1812'de Chapselle, hala çok kusurlu olan ilk kendi kendine yanan kibritleri icat etti, ancak onların yardımıyla çakmaktaşından çok daha hızlı alev üretmek mümkün oldu. Chapselle'in kibritleri, kükürt, berthollet tuzu ve zinober karışımından yapılmış başlıklı tahta çubuklardı (ikincisi, yangın çıkarıcı kütleyi güzel bir kırmızı renge boyamaya hizmet ediyordu).

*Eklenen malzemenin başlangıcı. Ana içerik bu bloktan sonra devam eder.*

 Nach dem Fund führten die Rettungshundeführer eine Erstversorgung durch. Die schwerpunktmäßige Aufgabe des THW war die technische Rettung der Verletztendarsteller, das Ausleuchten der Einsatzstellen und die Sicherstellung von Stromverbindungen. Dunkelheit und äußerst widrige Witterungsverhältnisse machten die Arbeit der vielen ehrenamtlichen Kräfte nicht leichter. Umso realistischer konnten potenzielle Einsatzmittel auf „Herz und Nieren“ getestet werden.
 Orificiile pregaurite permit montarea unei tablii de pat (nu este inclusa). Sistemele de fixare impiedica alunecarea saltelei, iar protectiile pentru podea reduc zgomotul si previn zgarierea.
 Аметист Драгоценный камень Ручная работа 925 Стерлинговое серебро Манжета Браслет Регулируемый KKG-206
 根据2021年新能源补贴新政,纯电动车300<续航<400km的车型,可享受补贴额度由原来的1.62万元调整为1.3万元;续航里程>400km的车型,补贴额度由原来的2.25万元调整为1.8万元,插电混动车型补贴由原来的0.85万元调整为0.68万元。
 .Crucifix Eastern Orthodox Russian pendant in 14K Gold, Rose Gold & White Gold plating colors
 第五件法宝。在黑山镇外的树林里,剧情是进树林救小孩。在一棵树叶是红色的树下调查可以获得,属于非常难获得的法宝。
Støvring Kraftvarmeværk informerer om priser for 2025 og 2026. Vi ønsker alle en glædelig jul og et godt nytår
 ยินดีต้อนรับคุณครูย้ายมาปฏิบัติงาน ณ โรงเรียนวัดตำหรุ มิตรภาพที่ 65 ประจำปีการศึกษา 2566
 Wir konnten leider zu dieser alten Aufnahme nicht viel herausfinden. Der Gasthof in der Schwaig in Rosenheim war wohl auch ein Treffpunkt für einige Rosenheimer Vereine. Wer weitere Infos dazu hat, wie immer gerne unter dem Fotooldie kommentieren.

Güneşli havalarda, böyle bir kibrit bikonveks bir mercek kullanılarak ve diğer durumlarda bir damla konsantre sülfürik asitle temas ettirilerek yakıldı. Bu kibritler çok pahalıydı ve ayrıca kafa tutuştuğunda sülfürik asit püskürtüldüğü ve yanıklara neden olabileceği için tehlikeliydi. Yaygın olarak kullanılmadıkları açıktır.

Hafif sürtünmeyle tutuşan kafalarla yapılan maçlar daha pratik hale gelmeliydi. Ancak kükürt bu amaca uygun değildi. Başka bir yanıcı madde arıyorlardı ve daha sonra 1669 yılında Alman simyacı Brand tarafından keşfedilen beyaz fosfora dikkat ettiler. Fosfor, kükürtten çok daha yanıcıdır, ancak her şey onunla hemen sonuçlanmadı.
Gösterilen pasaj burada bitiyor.